EXERCISE BRIEF:
Repeat nothing but the lines below running from the one containing "НАБОР ДЛЯ СПЕЦИЙ" to the one containing "- Dessicated coconut". Keep both end lines.

MATERIALS PROVIDED:
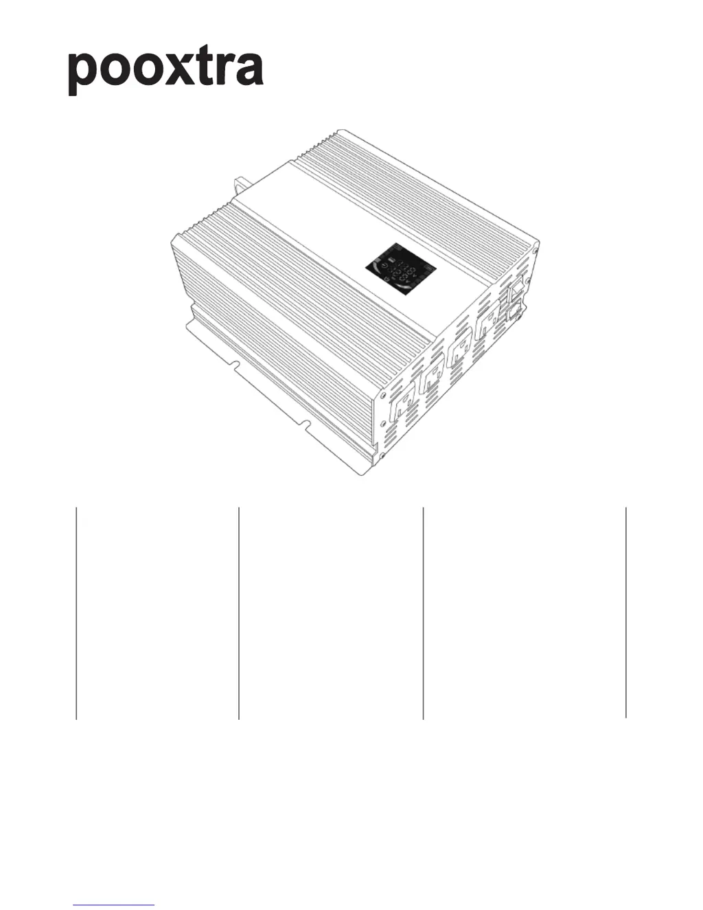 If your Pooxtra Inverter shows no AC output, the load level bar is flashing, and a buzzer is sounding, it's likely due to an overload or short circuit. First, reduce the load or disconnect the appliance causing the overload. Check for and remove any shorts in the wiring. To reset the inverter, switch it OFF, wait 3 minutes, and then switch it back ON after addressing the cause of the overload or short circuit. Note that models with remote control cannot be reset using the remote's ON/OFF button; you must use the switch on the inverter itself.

---

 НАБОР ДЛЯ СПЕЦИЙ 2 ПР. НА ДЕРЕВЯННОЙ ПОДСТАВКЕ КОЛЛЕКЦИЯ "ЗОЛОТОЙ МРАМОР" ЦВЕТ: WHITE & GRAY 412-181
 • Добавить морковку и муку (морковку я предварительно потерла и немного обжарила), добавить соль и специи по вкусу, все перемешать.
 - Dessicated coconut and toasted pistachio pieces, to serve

ANSWER TO THE EXERCISE:
 НАБОР ДЛЯ СПЕЦИЙ 2 ПР. НА ДЕРЕВЯННОЙ ПОДСТАВКЕ КОЛЛЕКЦИЯ "ЗОЛОТОЙ МРАМОР" ЦВЕТ: WHITE & GRAY 412-181
 • Добавить морковку и муку (морковку я предварительно потерла и немного обжарила), добавить соль и специи по вкусу, все перемешать.
 - Dessicated coconut and toasted pistachio pieces, to serve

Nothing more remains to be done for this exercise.